Lips of a Bygone Era
The Fascinating History of Lipstick
By Poe Casavant
Back in grade school, one of my favorite books was Top Secret by John Reynolds Gardiner, the story of a boy trying to invent human photosynthesis. Yes, you read that correctly. He was attempting to create humans that could live off water and sunlight alone, just like a plant. The boy’s teacher tried to persuade him to research something less ridiculous, assigning him a project on lipstick instead. While the author intended it to be a comedic punishment, (Because who in their right mind would want to research something so trivial?) the history of one of our most popular cosmetics is anything but dull.
The first known use of lipstick was over five-thousand years ago, in Sumer, a southern region of Mesopotamia, now part of Iraq. Although today, the purchase and use of lipstick is heavily skewed toward women, lipstick began its life without gender roles, and was used to signify high status individuals. While crushed insects, fruits, and clays were common sources of pigment, wealthier citizens were able to purchase crushed gemstones. The glittering powder was applied to both their eyelids and lips, a showy reminder of their place in society.
The first civilization to embrace lipstick for the masses was ancient Egypt, where cosmetics were used not just for aesthetics, but also to protect skin from the glaring sun. Early ingredients included lead, iodine, and bromine mannite, which created striking purple and black shades. Beautiful as they were, these mixtures were also toxic, and left people scrambling for alternative ingredients. Egyptians discovered that carmine dye, a brilliant red color that is still in use today, could be extracted from insects, and more importantly, didn’t poison its users. This shade of red is supposedly the color that Cleopatra was known to wear during her rule.
The appeal of lip color spread to the east, with China creating the first known beeswax lipstick. Not only did this provide color, but the wax was used to protect their lips from the elements. Japan followed suit, adding a tar mixture to their beeswax bases to create deep, rich shades, which stood out dramatically from the pale makeup of the time. In Australia, Aboriginal women applied shades of crushed ochre to their lips and bodies for ceremonial purposes.
In 9AD, an Arab scientist, Abulcasis, created the first modern, solid lipstick, entirely by accident. He was attempting to create a solid perfume that could be molded into an easy-to-apply shape. He realized that by adding dyes, his mold was perfect for lip color applications as well, and he began producing the world’s first solid lipsticks.
Though much of the world was whole-heartedly embracing lip color, throughout the Middle Ages, Europe openly shunned such frivolity. Puritanical Christianity had taken root, and red lips were associated with Satansim and witchcraft. The only women who were allowed—and sometimes forced—to wear lipstick were prostitutes, as a way of symbolizing their low-class profession. Though it was socially taboo, many women would secretly apply moisturizing lip balms with hints of dye mixed in, to give the appearance of healthy, rosy lips.
It wasn’t until Queen Elizabeth I took the throne that the tide began to turn. Her signature look of a pale face and red lips caught on with the elite of Europe, and noblewomen began painting their lips to match. Actors and actresses also began to embrace red shades as a way to make their emotions more obvious while performing onstage.

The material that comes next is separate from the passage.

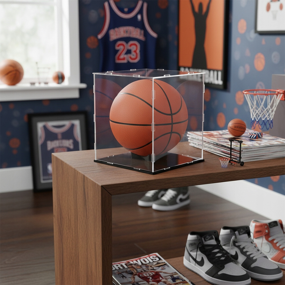 Внутренние размеры 25x25x27 см позволяют демонстрировать спортивные мячи (футбольные, волейбольные, баскетбольные), а также другие предметы коллекционирования, размер которых не превышает 25 см. диаметр.
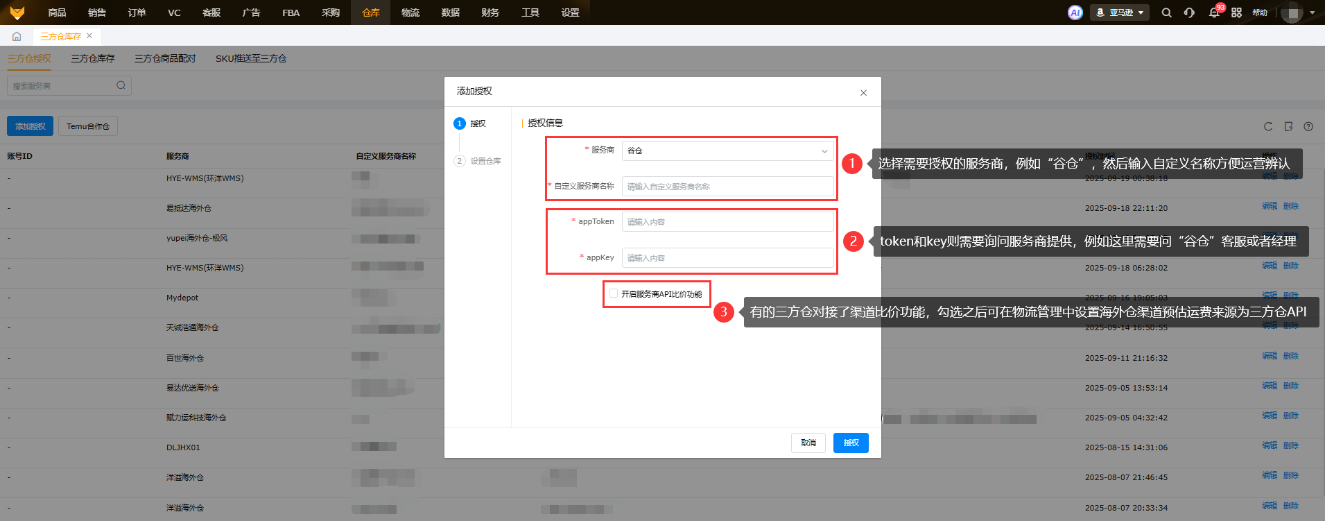 或者三方仓支持API比价功能并且在授权三方仓时有开启此功能的话,可以从三方仓服务商API接口获取比价信息;

In the late 19th century, as the Victorian era was coming to a close, the French cosmetic company, Guerlain, became the first to mass produce lipsticks, eventually ending the common practice of women creating their own lip color at home. It was made by mixing pigment with deer tallow, castor oil, and beeswax. Society was slow to embrace dramatic change, and women were encouraged to stick to neutral shades to hide the fact that they were unnaturally enhancing their beauty. But with the ready availability of new shades, and changing attitudes toward beauty and women’s empowerment, by the 1920s, American and European women were openly wearing red lipstick, no longer hiding their use of cosmetics. Lipstick, especially in bright red shades, was seen as a symbol of feminism.
Throughout the twentieth century, our love affair with lipstick has never waned, though several trends have come and gone. From the “bee sting” lips worn by flappers in the 20s, to the red-lipped bombshells of the 50s, to the glossy, shimmery lips of late 90s pop stars, our fascination with the colors has held strong. Lip colors are now available in every hue imaginable, from glosses, to matte creams, to no-smear stains. With such variety available, the average woman now spends about $2,000 on new lipsticks over the course of her lifetime.